A verbatim restatement of the data, free of pictures, is what you should output.

• _Available data_:
● ● ●

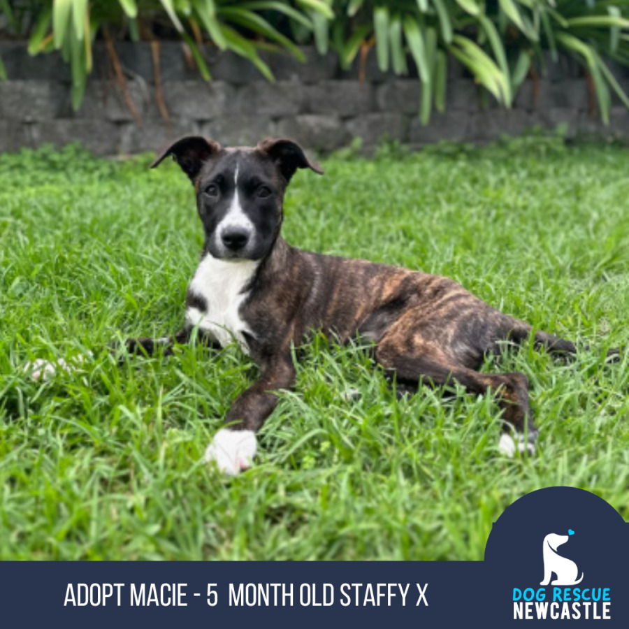 Macie is a delightful 5-month-old Staffy mix with a heart full of love and energy to spare.
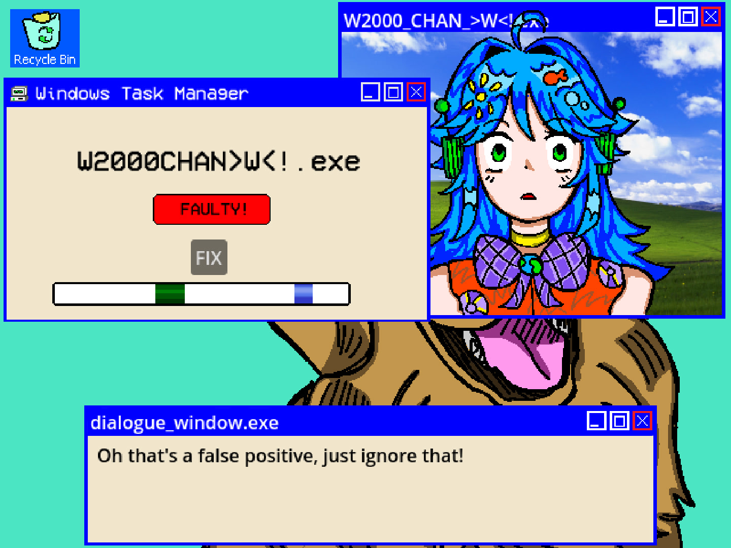 古いコンピューターを起動して、仮想Windowsアシスタント、W2000CHAN>W<.exe に会いましょう!
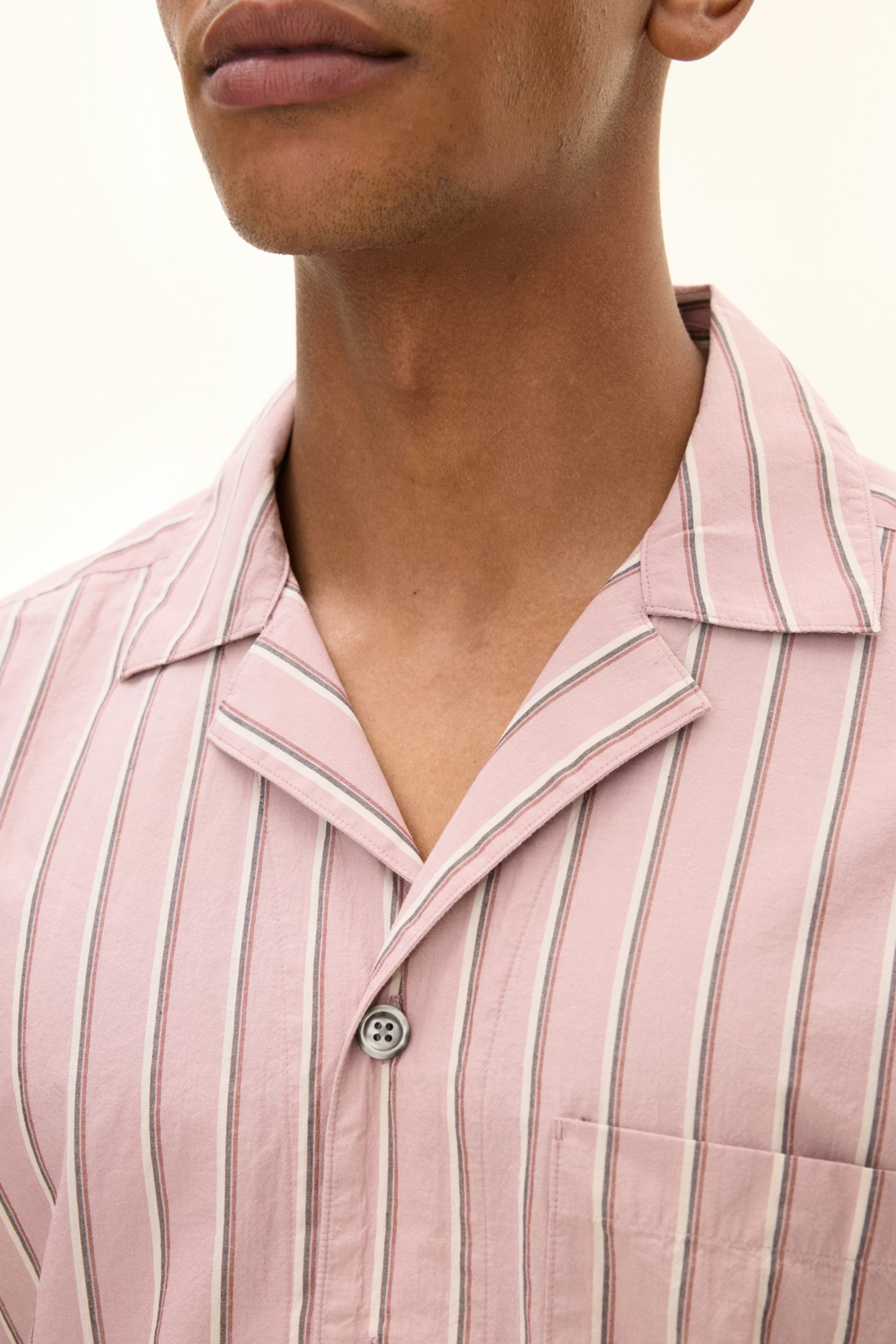 A relaxed regular fit shirt with a bowling collar and a striped cotton pattern. The printed finish adds a subtle character, making it a versatile go-to for the summer wardrobe. Regular fit ... Sjá nánar

● ● ●

• _Solution to the exercise_:
 Macie is a delightful 5-month-old Staffy mix with a heart full of love and energy to spare.
 古いコンピューターを起動して、仮想Windowsアシスタント、W2000CHAN>W<.exe に会いましょう!
 A relaxed regular fit shirt with a bowling collar and a striped cotton pattern. The printed finish adds a subtle character, making it a versatile go-to for the summer wardrobe. Regular fit ... Sjá nánar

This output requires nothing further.